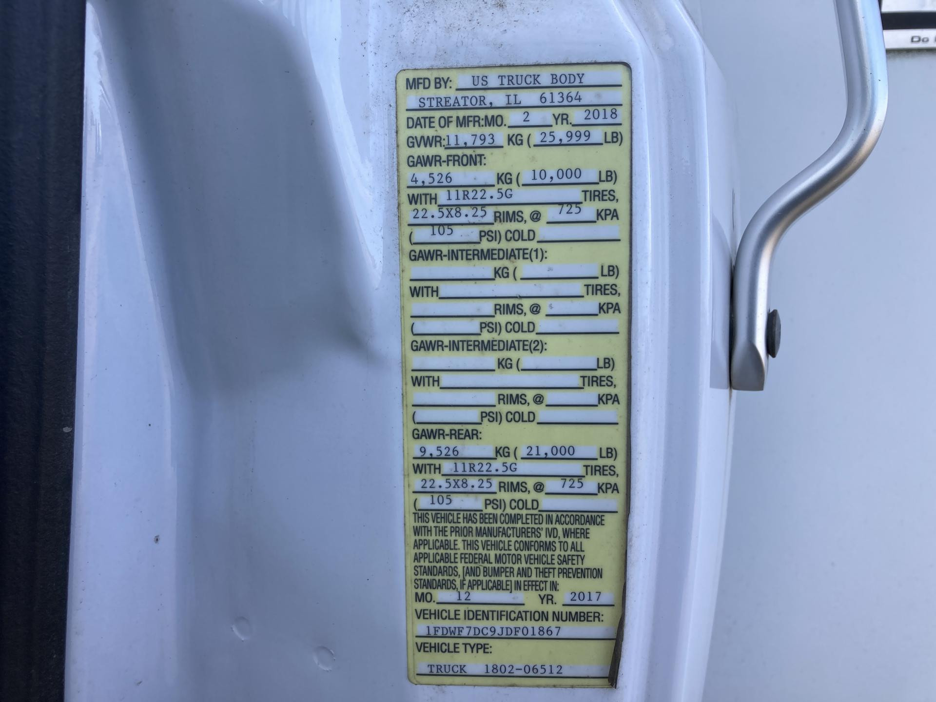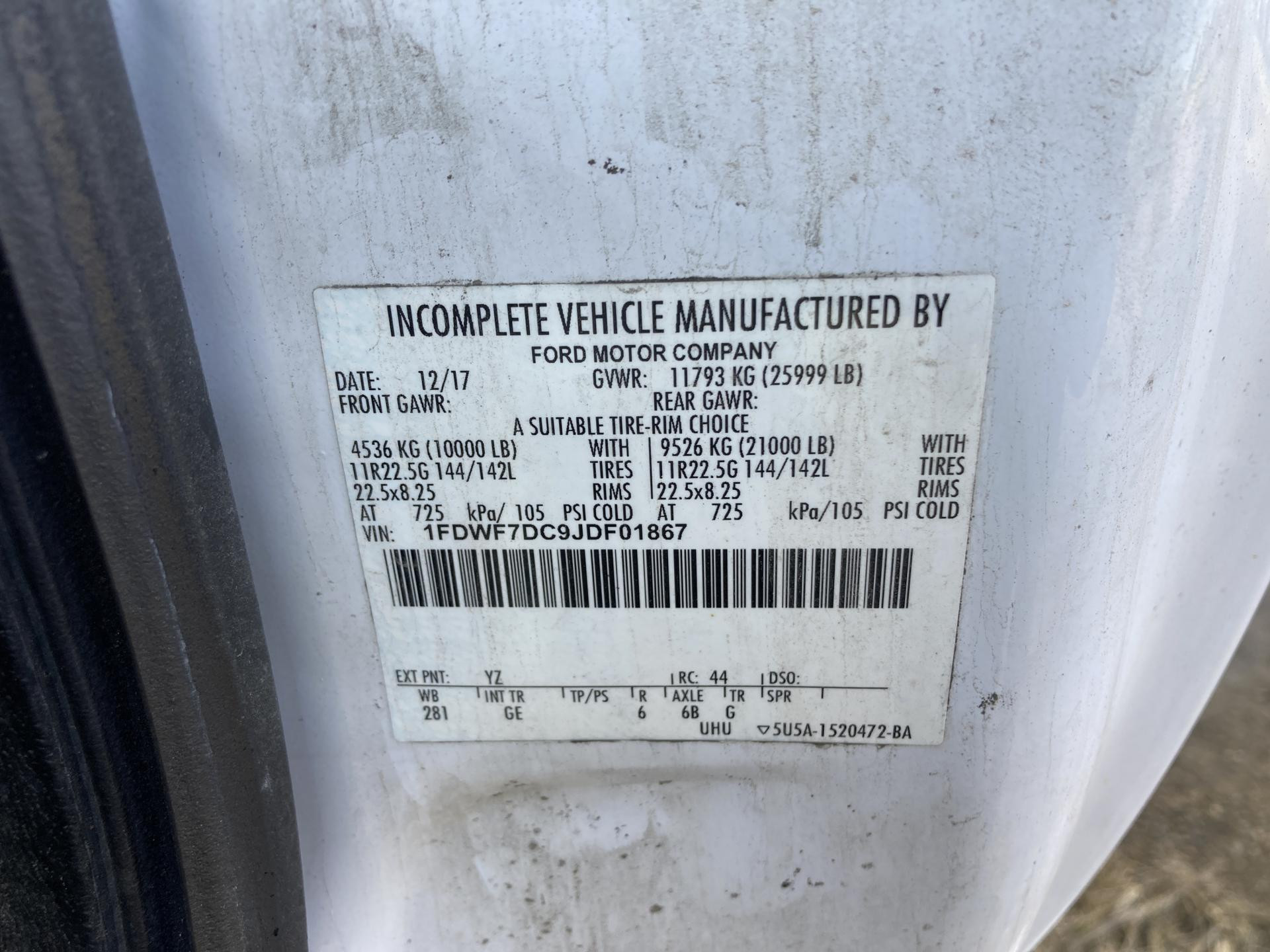 | VIN: | 1FDWF7DC9JDF01867 |
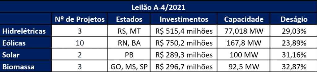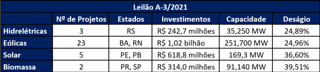Os acordos firmados somaram mais de R$ 4 bilhões em investimentos nas obras das usinas, que terão duração de 20 e 30 anos e início de suprimento em janeiro de 2024 e janeiro de 2025. Ao todo, 33 empresas se consagraram vencedoras do leilão A-3, por oferecerem o menor preço de venda de sua energia. Os projetos somam R$ 2,2 bilhões em investimentos e o deságio médio foi de 30,83%.
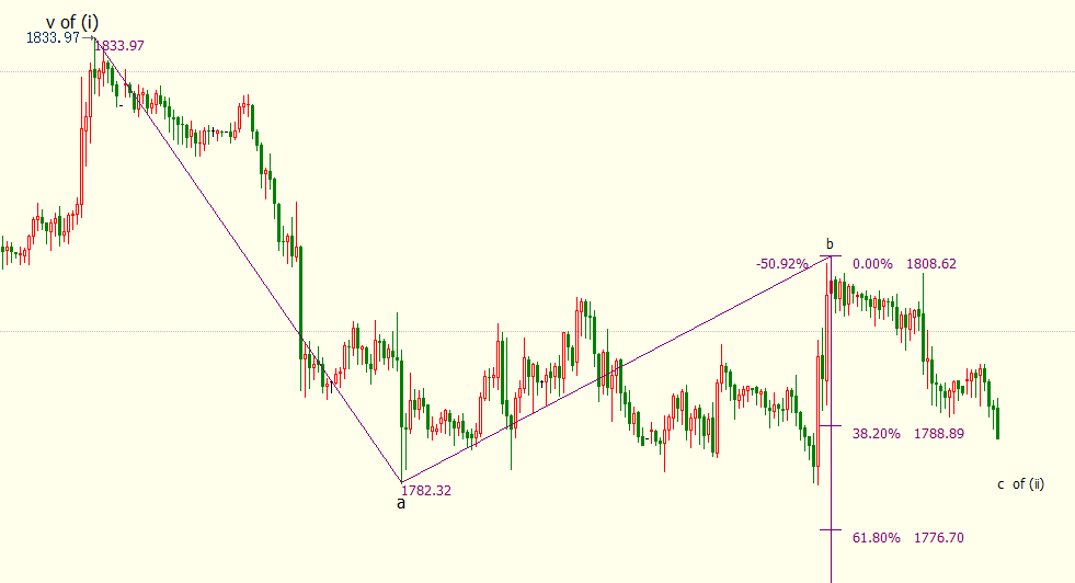 小时图上看,金价自1809美元开启下行c浪走势,跌破38.2%目标位1789美元,后市料下探1777美元。c浪是自1834美元开启的下行(ii)浪的子浪。(ii)浪是自1680美元开启上行((i))浪的子浪。
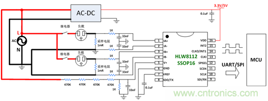 圖5 HLW8112的2通道測量應(yīng)用電路
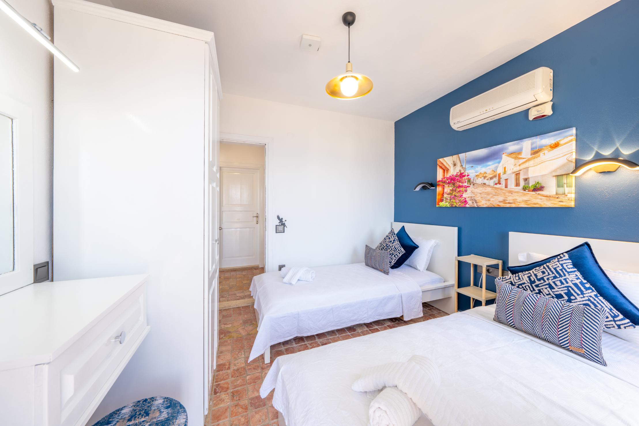 A feature limestone archway leads to a spacious king size bedroom and a twin room – each of these have their own balconies.
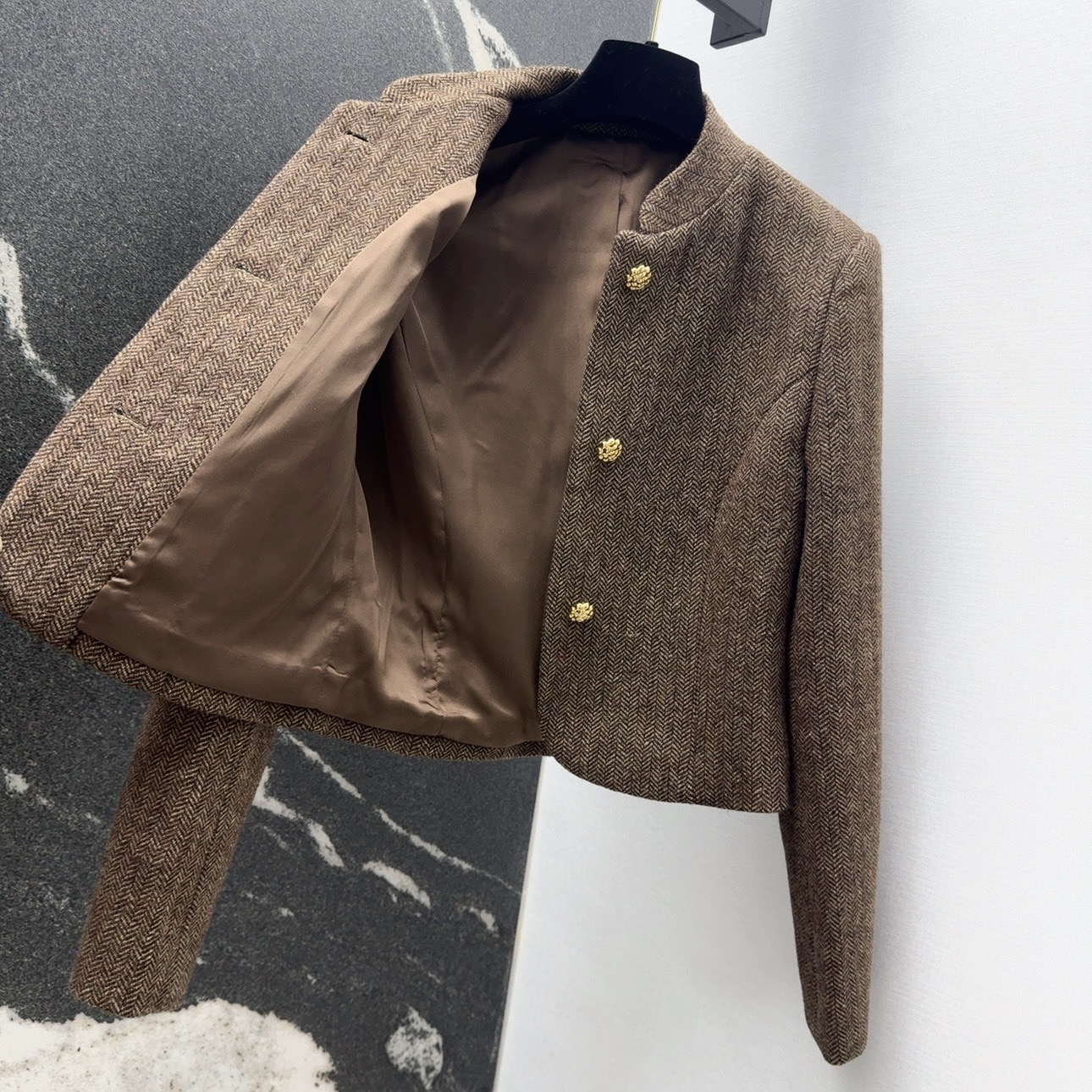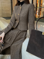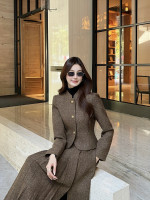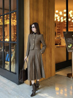 LP 스탠드업 숏 재킷 미디 플러츠 스커트 세트 > 여성의류
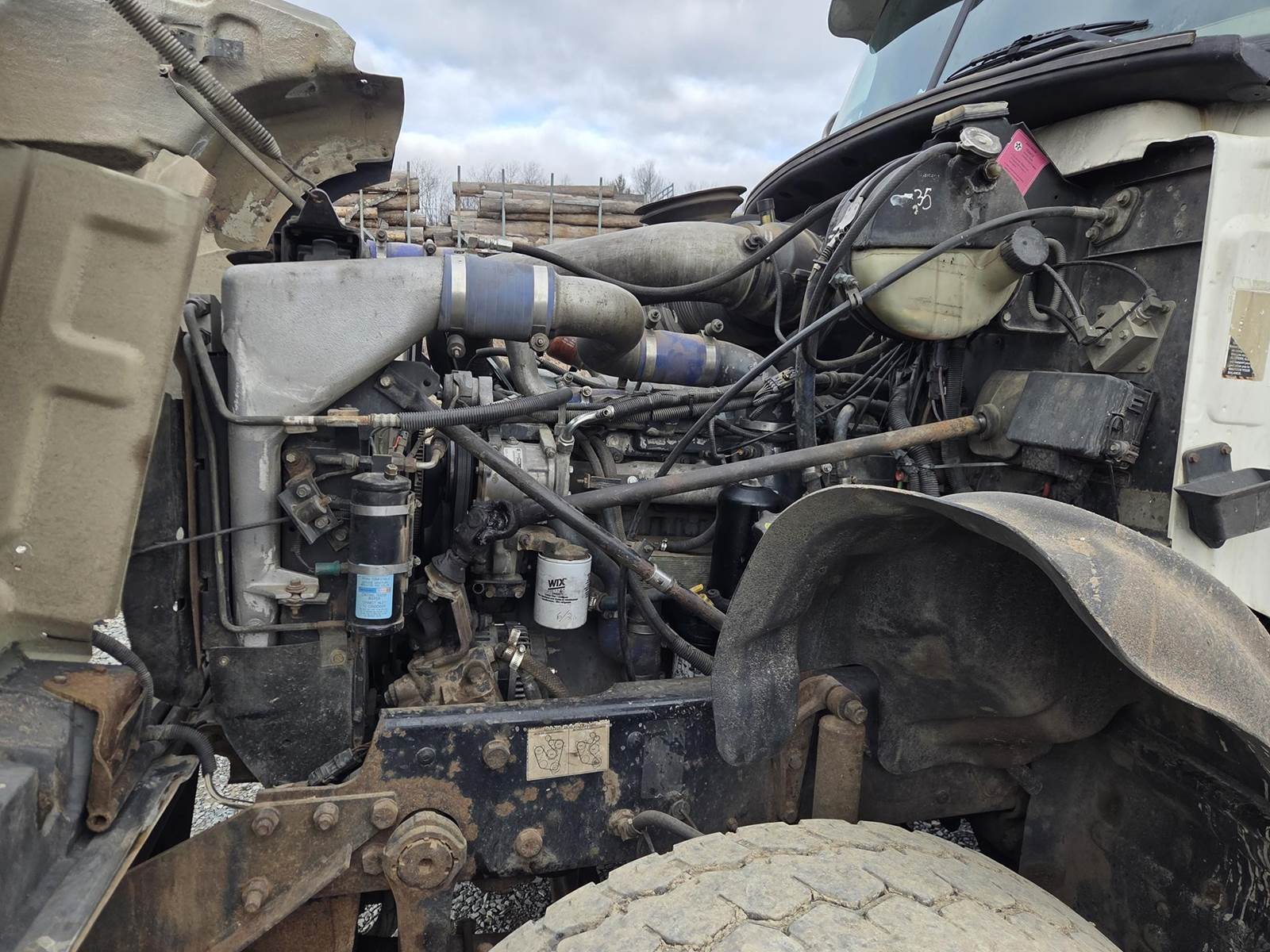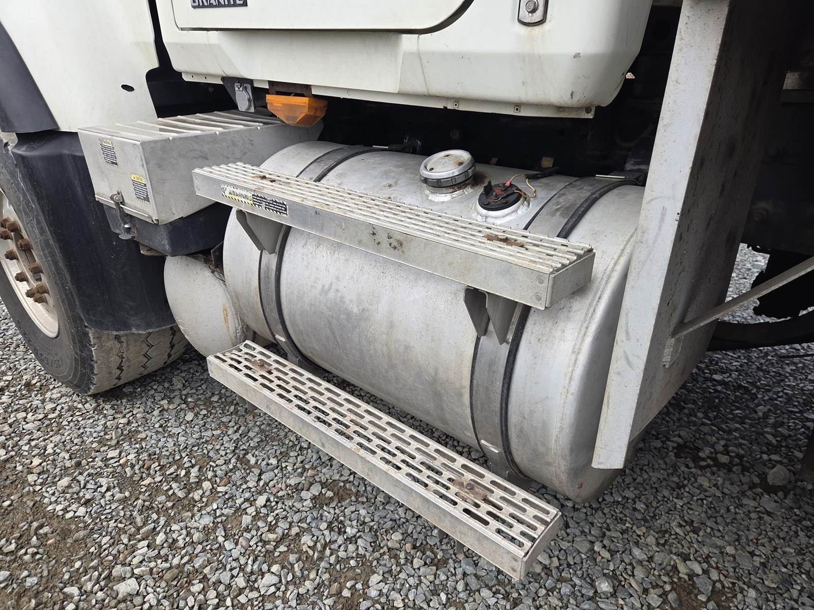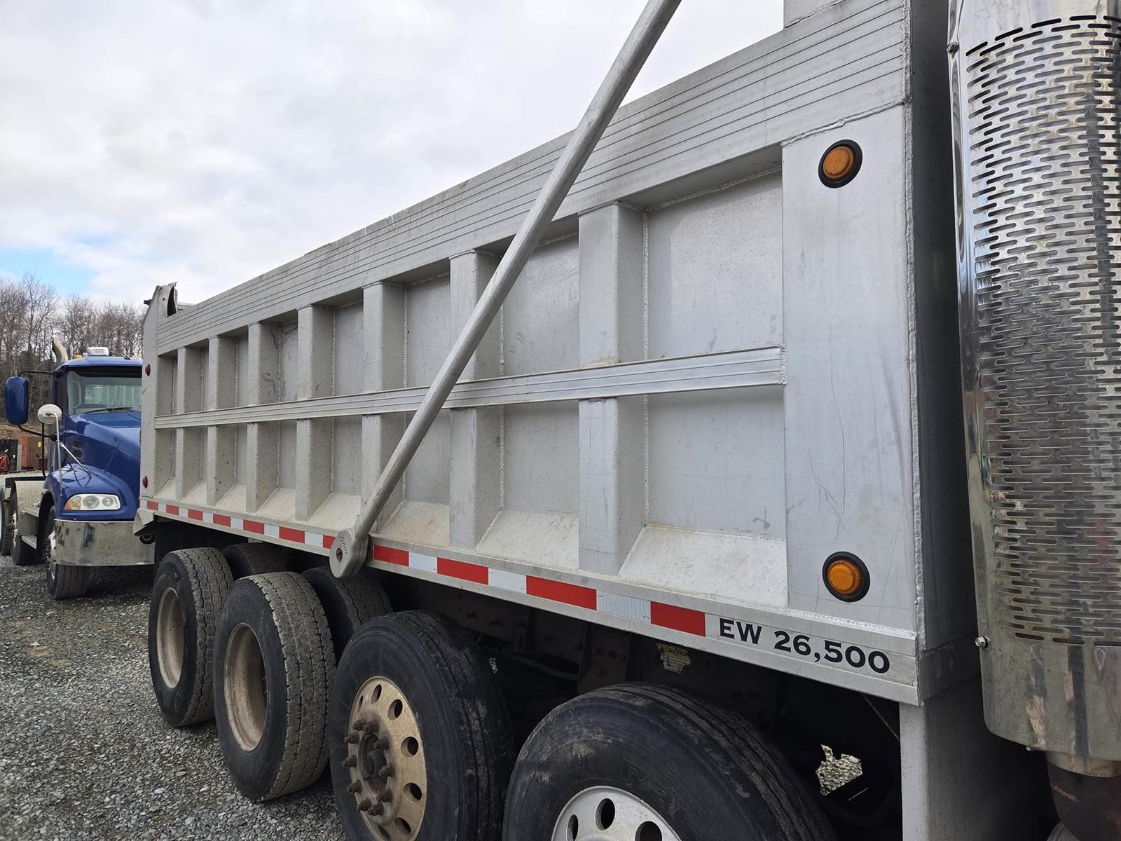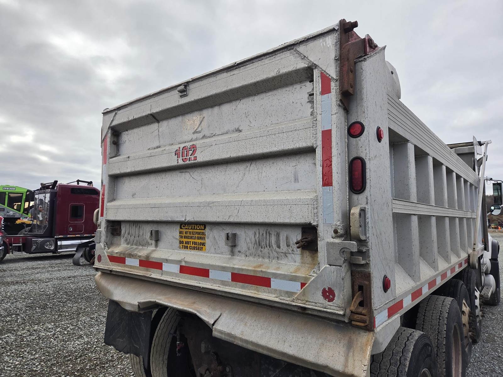 6 Cylinder Mack Turbo Diesel Engine, Maxitorque 10 Speed, Multi-Speed Reverse Manual Transmission, Camelback Suspension, Engine Brake, Inter Axle Lock, PTO, Approx 18' Dump Box, Air Trip Tailgate, Tarper, Steerable Air Lift Pusher Axles, Pintle Hitch W/ Air to the Rear, Air Ride Drivers Seat, Heat, A/C, Radio, Cruise Control, Full Aluminum Rims, 425/65R22.5 Front Tires, 11R22.5 Pushers and Drive Tires

> **TASK TO COMPLETE**
A faithful reproduction of every entry, with no pictures, is the expected answer.

> **WRITTEN RESPONSE**
 | VIN: | 1FDWF7DC9JDF01867 |
Os acordos firmados somaram mais de R$ 4 bilhões em investimentos nas obras das usinas, que terão duração de 20 e 30 anos e início de suprimento em janeiro de 2024 e janeiro de 2025. Ao todo, 33 empresas se consagraram vencedoras do leilão A-3, por oferecerem o menor preço de venda de sua energia. Os projetos somam R$ 2,2 bilhões em investimentos e o deságio médio foi de 30,83%.
 小时图上看,金价自1809美元开启下行c浪走势,跌破38.2%目标位1789美元,后市料下探1777美元。c浪是自1834美元开启的下行(ii)浪的子浪。(ii)浪是自1680美元开启上行((i))浪的子浪。
 圖5 HLW8112的2通道測量應(yīng)用電路
 A feature limestone archway leads to a spacious king size bedroom and a twin room – each of these have their own balconies.
 LP 스탠드업 숏 재킷 미디 플러츠 스커트 세트 > 여성의류
 6 Cylinder Mack Turbo Diesel Engine, Maxitorque 10 Speed, Multi-Speed Reverse Manual Transmission, Camelback Suspension, Engine Brake, Inter Axle Lock, PTO, Approx 18' Dump Box, Air Trip Tailgate, Tarper, Steerable Air Lift Pusher Axles, Pintle Hitch W/ Air to the Rear, Air Ride Drivers Seat, Heat, A/C, Radio, Cruise Control, Full Aluminum Rims, 425/65R22.5 Front Tires, 11R22.5 Pushers and Drive Tires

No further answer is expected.